=== What you need to do ===
Retype the entries below without any change.

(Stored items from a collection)
#####
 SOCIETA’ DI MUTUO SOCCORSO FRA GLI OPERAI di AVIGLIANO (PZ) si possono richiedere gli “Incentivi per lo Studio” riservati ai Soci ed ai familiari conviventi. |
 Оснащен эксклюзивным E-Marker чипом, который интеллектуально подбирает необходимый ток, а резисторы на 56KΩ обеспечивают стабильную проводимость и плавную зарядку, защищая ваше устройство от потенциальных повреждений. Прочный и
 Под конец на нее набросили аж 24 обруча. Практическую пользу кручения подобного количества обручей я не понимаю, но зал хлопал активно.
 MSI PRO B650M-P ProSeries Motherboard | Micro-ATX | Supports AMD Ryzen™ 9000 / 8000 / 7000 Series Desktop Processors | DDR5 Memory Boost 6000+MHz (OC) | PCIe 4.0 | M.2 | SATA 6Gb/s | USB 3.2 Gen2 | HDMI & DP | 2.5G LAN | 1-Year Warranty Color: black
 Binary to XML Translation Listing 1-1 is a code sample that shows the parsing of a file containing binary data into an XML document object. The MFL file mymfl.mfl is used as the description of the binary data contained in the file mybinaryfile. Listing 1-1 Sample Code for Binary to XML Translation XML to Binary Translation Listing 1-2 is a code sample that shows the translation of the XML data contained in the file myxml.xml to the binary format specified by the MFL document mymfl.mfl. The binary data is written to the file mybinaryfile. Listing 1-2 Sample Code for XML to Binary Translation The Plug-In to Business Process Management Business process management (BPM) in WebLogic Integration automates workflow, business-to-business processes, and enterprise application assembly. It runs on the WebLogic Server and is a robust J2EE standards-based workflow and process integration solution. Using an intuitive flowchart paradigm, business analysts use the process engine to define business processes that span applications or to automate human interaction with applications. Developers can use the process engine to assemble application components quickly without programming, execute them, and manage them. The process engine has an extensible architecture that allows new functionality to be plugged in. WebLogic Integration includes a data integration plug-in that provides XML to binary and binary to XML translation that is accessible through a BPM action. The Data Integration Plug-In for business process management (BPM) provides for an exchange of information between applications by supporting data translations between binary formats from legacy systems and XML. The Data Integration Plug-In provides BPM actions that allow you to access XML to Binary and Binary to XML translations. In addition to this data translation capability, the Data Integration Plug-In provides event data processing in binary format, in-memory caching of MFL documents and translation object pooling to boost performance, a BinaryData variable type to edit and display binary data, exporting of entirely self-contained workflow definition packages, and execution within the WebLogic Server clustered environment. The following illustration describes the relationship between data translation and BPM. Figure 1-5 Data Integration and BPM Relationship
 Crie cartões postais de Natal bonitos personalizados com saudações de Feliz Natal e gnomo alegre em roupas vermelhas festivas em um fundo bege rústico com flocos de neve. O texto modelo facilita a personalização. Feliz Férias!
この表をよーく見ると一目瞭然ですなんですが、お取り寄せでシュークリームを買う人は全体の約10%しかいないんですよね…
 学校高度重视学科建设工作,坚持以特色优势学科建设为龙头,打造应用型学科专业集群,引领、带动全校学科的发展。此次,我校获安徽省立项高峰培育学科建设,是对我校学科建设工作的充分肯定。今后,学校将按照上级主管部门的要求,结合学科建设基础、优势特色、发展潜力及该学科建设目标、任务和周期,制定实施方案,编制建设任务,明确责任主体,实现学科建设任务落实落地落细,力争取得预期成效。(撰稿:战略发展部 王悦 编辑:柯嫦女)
#####
=== Exercise result ===
 SOCIETA’ DI MUTUO SOCCORSO FRA GLI OPERAI di AVIGLIANO (PZ) si possono richiedere gli “Incentivi per lo Studio” riservati ai Soci ed ai familiari conviventi. |
 Оснащен эксклюзивным E-Marker чипом, который интеллектуально подбирает необходимый ток, а резисторы на 56KΩ обеспечивают стабильную проводимость и плавную зарядку, защищая ваше устройство от потенциальных повреждений. Прочный и
 Под конец на нее набросили аж 24 обруча. Практическую пользу кручения подобного количества обручей я не понимаю, но зал хлопал активно.
 MSI PRO B650M-P ProSeries Motherboard | Micro-ATX | Supports AMD Ryzen™ 9000 / 8000 / 7000 Series Desktop Processors | DDR5 Memory Boost 6000+MHz (OC) | PCIe 4.0 | M.2 | SATA 6Gb/s | USB 3.2 Gen2 | HDMI & DP | 2.5G LAN | 1-Year Warranty Color: black
 Binary to XML Translation Listing 1-1 is a code sample that shows the parsing of a file containing binary data into an XML document object. The MFL file mymfl.mfl is used as the description of the binary data contained in the file mybinaryfile. Listing 1-1 Sample Code for Binary to XML Translation XML to Binary Translation Listing 1-2 is a code sample that shows the translation of the XML data contained in the file myxml.xml to the binary format specified by the MFL document mymfl.mfl. The binary data is written to the file mybinaryfile. Listing 1-2 Sample Code for XML to Binary Translation The Plug-In to Business Process Management Business process management (BPM) in WebLogic Integration automates workflow, business-to-business processes, and enterprise application assembly. It runs on the WebLogic Server and is a robust J2EE standards-based workflow and process integration solution. Using an intuitive flowchart paradigm, business analysts use the process engine to define business processes that span applications or to automate human interaction with applications. Developers can use the process engine to assemble application components quickly without programming, execute them, and manage them. The process engine has an extensible architecture that allows new functionality to be plugged in. WebLogic Integration includes a data integration plug-in that provides XML to binary and binary to XML translation that is accessible through a BPM action. The Data Integration Plug-In for business process management (BPM) provides for an exchange of information between applications by supporting data translations between binary formats from legacy systems and XML. The Data Integration Plug-In provides BPM actions that allow you to access XML to Binary and Binary to XML translations. In addition to this data translation capability, the Data Integration Plug-In provides event data processing in binary format, in-memory caching of MFL documents and translation object pooling to boost performance, a BinaryData variable type to edit and display binary data, exporting of entirely self-contained workflow definition packages, and execution within the WebLogic Server clustered environment. The following illustration describes the relationship between data translation and BPM. Figure 1-5 Data Integration and BPM Relationship
 Crie cartões postais de Natal bonitos personalizados com saudações de Feliz Natal e gnomo alegre em roupas vermelhas festivas em um fundo bege rústico com flocos de neve. O texto modelo facilita a personalização. Feliz Férias!
この表をよーく見ると一目瞭然ですなんですが、お取り寄せでシュークリームを買う人は全体の約10%しかいないんですよね…
 学校高度重视学科建设工作,坚持以特色优势学科建设为龙头,打造应用型学科专业集群,引领、带动全校学科的发展。此次,我校获安徽省立项高峰培育学科建设,是对我校学科建设工作的充分肯定。今后,学校将按照上级主管部门的要求,结合学科建设基础、优势特色、发展潜力及该学科建设目标、任务和周期,制定实施方案,编制建设任务,明确责任主体,实现学科建设任务落实落地落细,力争取得预期成效。(撰稿:战略发展部 王悦 编辑:柯嫦女)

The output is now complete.